Highlights
Top Insights
1. There are some tensions that organizations need to navigate in order to use agentic AI effectively. Agentic systems need some freedom to be useful, but too much autonomy leads to unpredictable outcomes and risks.
2. To have quick wins, it is better to retrofit agentic AI into existing workflows, but transformation likely comes from redesign the workflows altogether.
3. Over time, agentic AI can both become more useful through continuous learning and less useful through model drift.
Source: How to navigate the age of agentic AI (Ideas Made to Matter)
Top News
1. xAI has launched paid Grok Business and Grok Enterprise tiers.
2. ChatGPT Health is a dedicated, privacy-focused experience that securely integrates your health data and apps with ChatGPT.
3. Gmail is evolving into a Gemini-powered, proactive inbox assistant.
4. Nvidia unveils the Vera Rubin AI computing platform at CES 2026, a next-generation AI supercomputing stack.
5. Humanoid robots dominated CES, with companies demoing robots performing real-world tasks (e.g., laundry, bartending).
Additional Insights
1. The CEO’s Guide to Growth in 2026 (BCG)
Winning CEOs are pursuing growth aggressively despite volatility by combining bold ambition with disciplined execution. As market turbulence, geopolitical risk, and capital constraints persist, leaders are setting clear growth targets backed by a rigorous “growth equation,” using AI to accelerate innovation, sharpen strategy, and reduce the cost and risk of growth, and treating growth as a managed program rather than an aspiration. AI emerges as a critical differentiator, enabling faster decision-making, higher innovation output, and superior revenue performance, while an always-on M&A capability positions companies to capture opportunities as deal activity rebounds. Crucially, the report emphasizes that growth and resilience are not tradeoffs: sustained success in 2026 depends on reinvesting cost savings into strategic capabilities—especially AI—while building a culture of cost discipline that fuels a virtuous cycle of efficiency and top-line expansion.
2. Science at the speed of inference (a16z)

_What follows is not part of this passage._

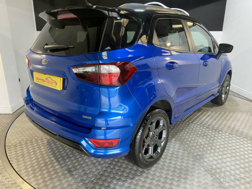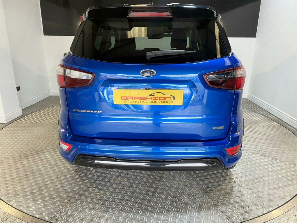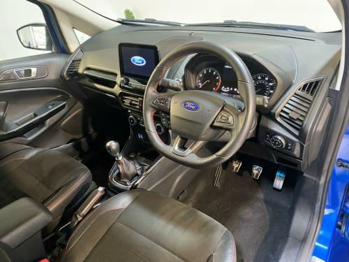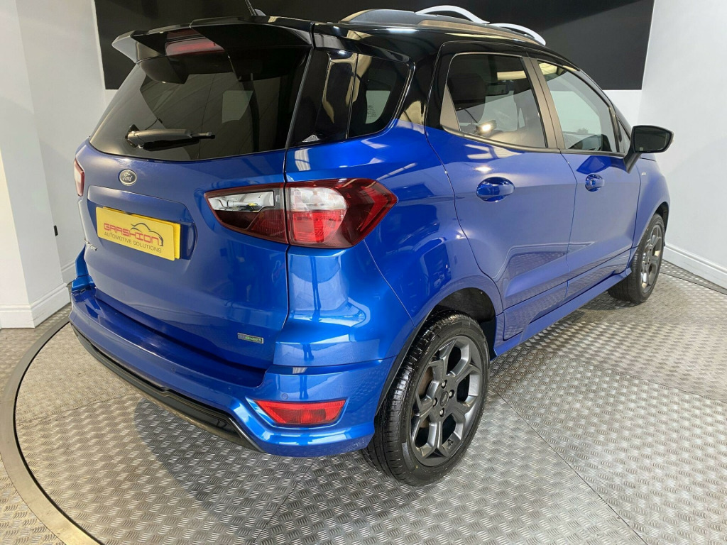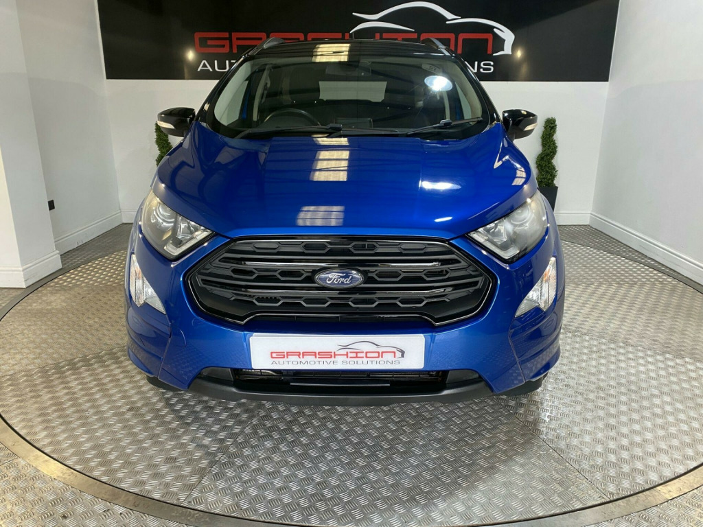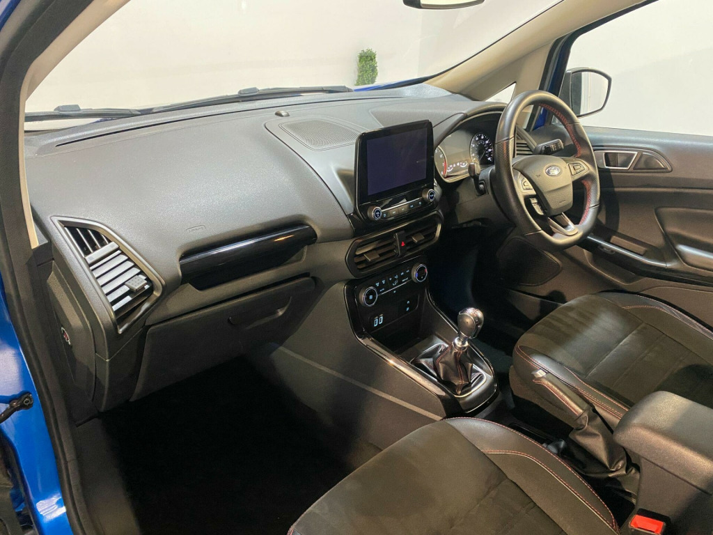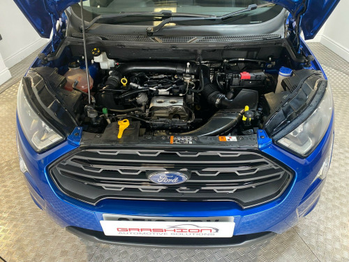 ONLINE AND PHONE ENQUIRIES ONLY ON SUNDAYS, PLEASE CALL 01302 457702 TO SPEAK DIRECTLY WITH US. FORD ECO SPORT 1.0 125 ST LINE 5 DOOR FINISHED IN METALLIC BLUE WITH 3 SERVICE STAMPS - THE LAST ONE CARRIED OUT AT 43,146 MILES IN AUGUST AND HAS MOT THAT RUNS UNTIL NOVEMBER 2026. SPECIFICATION INCLUDES ALLOY WHEELS - AUTOMATIC CLIMATE CONTROL - FORD SYNC 3 WITH FACTORY FITTED SATELLITE NAVIGATION - HALF LEATHER SEATS - REVERSING CAMERA - BLUETOOTH PHONE HANDS FREE WITH MEDIA STREAMING - - TOUCH SCREEN INFOTAINMENT SYSTEM - STEERING WHEEL AUDIO CONTROLS - REAR PARKING ASSIST WITH CAMERA - CRUISE CONTROL - AMBIENT INTERIOR LIGHTING - FORD KEYLESS START - DAYTIME RUNNING LIGHTS - DAB RADIO/CD PLAYER WITH MEDIA CONNECTIVITY - REMOTE CENTRAL DOOR LOCKING WITH 2 KEYS -ST LINE BODYKIT WITH REAR TAILGATE SPOILER - ELECTRIC WINDOWS AND ELECTRIC HEATED POWER FOLD DOOR MIRRORS - SPORTS PEDALS AND SPORTS SUSPENSION - TINTED GLASS - HEATED FRONT WINDSCREEN - AUTOMATIC LIGHTS AND FACTORY ALARM AND IMMOBILIZER. A FULLY HPI CLEAR CAR WITH CERTIFICATE PROVIDED. TO VIEW AND DRIVE AWAY TODAY CALL 01302 457702. NO ADMIN FEES (EXCEPT BROKERS).. 17in Alloy Wheels - 5 Spoke Dark Tarnish, Adjustable Boot Load Floor, Air Conditioning - Electronic Automatic Temperature Control - EATC, Airbags - Curtain, Airbags - Driver and Front Passenger, Airbags - Drivers Knee, Airbags - Front Passenger De-Activation Switch, Alarm - Thatcham Category 1 with Volume Sensing and Perimeter, Ambient Lighting - Instrument Panel and Footwell, Analogue Instrument Cluster, Anti-Lock Braking System - ABS with Electronic Stability Control - ESC, Auto-Dimming Electrochromic Rear-View Mirror, Automatic Headlights, Black Headlight Bezel, Black Roof Rails, Centre Console Cup Holder with Chrome Accent, Centre Console with Covered Bin and Sliding Armrest, Child Locks, Courtesy Light - Front with Two Map Lights, Courtesy Light - Rear, Cruise Control, Door Frame Beltline - Black, Door Handles - Body Colour, Door Mirrors - Body Colour Housing, Door Mirrors - Power-Foldable Heated with Integrated Side Indicator and Puddle Lights, Driver Seat Manual Height- Fore/Aft and Seatback Angle Adjustment and Recliner, Driver Seat Manual Rotary Knob Lumbar Support Adjustment, Driver and Passengers Sun Visor with Covered Vanity Mirror and Ticket Strip on Drivers Side, Drivers Stowage Glovebox, EPAS - Electric Power Assisted Steering, ESP - Electronic Stability Programme with Hill Launch Assist, Emergency Assistance, Engine Immobiliser, Ford Easy Fuel - Capless Refuelling System, Ford SYNC 3 Navigation with 8in Touchscreen, Front Fog Lights and Turn Indication Light Bezel - Body Colour, Front Fog Lights with Combined Turn Indication Light, Front Grille Bars and Surround - Ebony Black, Front Seat - Passenger Manual - Fore-Aft and Recline Adjustment, Front Seat - Under Passenger Seat Stowage, Front Seats - 2-Way Head Restraint Up-Down, Front Seats - 3 Point Seat Belts with Load Limiter and Seatbelt Height Adjust, Front Seats - Seat-Back Map Pockets, Front Suspension - Independent with MacPherson Struts and Anti-Roll Bar, Front and Rear Bumper - Body Colour with Dark Sport Insert, Front and Rear Floor Mats with Red Stitching, Front and Rear Folding Grab Handles, Front and Rear Power Points - 12V, Full Length Overhead Console with Sunglasses Holder, Gear Shift Indicator, Gearshift Knob - Leather-Trimmed with Black Insert and Aluminium-Finish Ring and Red Stitching, Glovebox with Cool Bin - Lid and Illumination, Halogen Rear Lights, Handbrake Grip - Leather-Trimmed with Red Stitching, Headlights - Courtesy Delay, Headlights - Levelling Control, Headlights - Projector Beam Headlight with LED Daytime Running Lights, Height Lumbar Adjustment on Drivers Seat, High Mounted Brake Light, IPS - Intelligent Protection System, Keyless Start with Ford Power Start Button, Large Rear Spoiler, Leather Handbrake and Gearknob, Load Compartment - Lights, Load Compartment Carpet, Load Compartment Side Trim Incorporating Shopping Hooks, Lower Body Side - Door Claddings - Body Colour, Manual Parking Brake, MyKey, Power Front and Rear Windows with Global Opening-Closing, Quickclear Heated Front Windscreen with Heated Washer Jets, Rake Adjustable Rear Seat, Rear Seat - 60-40 Split Folding Seats, Rear Seats - 2-Way Head Restraint Up-Down, Rear Seats - Centre Head Restraint - Up-Down, Rear Seats - Retractable Rear Seat Belt - 3-Point All Positions, Rear Suspension - Semi-Independent Twist Beam with Twin Gas and Oil-Filled Shock Absorbers, Rear View Camera Pack, Remote Central Locking, Rocker Panel and Side Cladding - Body Colour ST-Line Design, Roof Rails - Black Painted Finish, ST-Line Bodystyling Kit, ST-Line Front Grille, ST-Line Styled Rear Lights, Seat Belt Reminder System - Drivers and Front Passengers, Seats - ISOFIX Mounting Provision for Child Seats - Outer Seats Only, Side Impact Door Beams, Soft Instrument Panel Cover, Sports Pedals with Stainless Steel Inserts, Sports Suspension, Steering Column - Rake and Reach Adjustment, Steering Wheel - Perforated Leather-Trimmed with Chrome Inserts and Red Stitching, Suspension - Front Stabiliser. Part service history

Biotech and software are reconverging through AI, with drug discovery becoming a computational “search problem” increasingly solvable at the speed of inference rather than limited by physical experiments. The article highlights how breakthroughs like AlphaFold proved that generalizable, data-driven models can tackle core biological challenges, but warns that recent trends toward closed, restricted-access models threaten broad scientific progress. The company Boltz positions itself as a response: building frontier-level, open-source AI models for structural biology, binding prediction, and protein design that are already used by over 100,000 scientists across academia and industry. Founded as a public-benefit corporation, Boltz aims to combine cutting-edge research, robust products, and an open community to make AI-native drug discovery accessible, affordable, and scalable, while sustaining itself through software and usage-based services rather than developing drugs. The overarching insight is that the future of medicine depends not just on powerful AI, but on keeping those tools openly available so scientists everywhere can iterate, discover, and innovate faster.
3. The Imagination Factory (The Economist)

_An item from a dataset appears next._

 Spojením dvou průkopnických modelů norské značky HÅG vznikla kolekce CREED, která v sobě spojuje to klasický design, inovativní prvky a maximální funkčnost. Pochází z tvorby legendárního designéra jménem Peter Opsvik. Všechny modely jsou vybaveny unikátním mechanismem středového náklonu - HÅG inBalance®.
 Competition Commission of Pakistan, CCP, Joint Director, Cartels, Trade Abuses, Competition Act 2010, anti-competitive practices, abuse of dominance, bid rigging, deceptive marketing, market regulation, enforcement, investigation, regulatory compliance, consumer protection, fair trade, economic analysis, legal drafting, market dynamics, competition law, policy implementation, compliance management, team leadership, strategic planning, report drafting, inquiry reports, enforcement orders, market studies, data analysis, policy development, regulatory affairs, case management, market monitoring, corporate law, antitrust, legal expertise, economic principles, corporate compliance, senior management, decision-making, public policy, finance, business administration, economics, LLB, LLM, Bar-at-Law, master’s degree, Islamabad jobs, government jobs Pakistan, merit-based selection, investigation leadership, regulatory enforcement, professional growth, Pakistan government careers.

AI is rapidly transforming pharmaceutical research by shifting much of drug discovery from slow, costly laboratory work to fast, computational “in silico” processes, dramatically improving efficiency across the pipeline. Transformer-based AI models can link genes to disease mechanisms, identify promising drug targets, design candidate molecules, and optimize trial design, cutting preclinical timelines from years to months and boosting early-stage success rates well above historical norms. AI is also reshaping clinical trials through smarter patient selection and the use of “synthetic patients” or digital twins, potentially reducing or even eliminating control groups while lowering costs and speeding results. Although technical limits remain—especially for complex biological structures like proteins, RNA and whole cells—rapid advances suggest these barriers are shrinking. For now, traditional drug firms retain an edge through data and domain expertise, favoring partnerships with AI companies, but as biology becomes more predictable the industry’s balance of power may shift. Overall, AI is already increasing the number of viable drugs reaching late-stage trials and holds the promise of significantly expanding future medical innovation and human health gains.
4. Why AI Boosts Creativity for Some Employees but Not Others (HBR)
The research shows that generative AI can enhance employee creativity, but only under specific conditions: creative gains occur primarily for employees with strong metacognition—the ability to plan, monitor, evaluate, and refine their thinking. While AI can expand cognitive job resources by providing vast information and reducing mental overload, simply having access to AI is not enough. Employees with high metacognition use AI reflectively, question and iterate on its outputs, and strategically shift tasks to restore cognitive capacity, resulting in more novel and useful ideas. In contrast, employees with weaker metacognitive skills tend to rely passively on AI’s first responses and see little creative benefit. The key implication for leaders is that AI does not automatically boost creativity; organizations must pair AI adoption with efforts to develop employees’ metacognitive skills and design workflows that encourage active, critical, and iterative engagement with AI.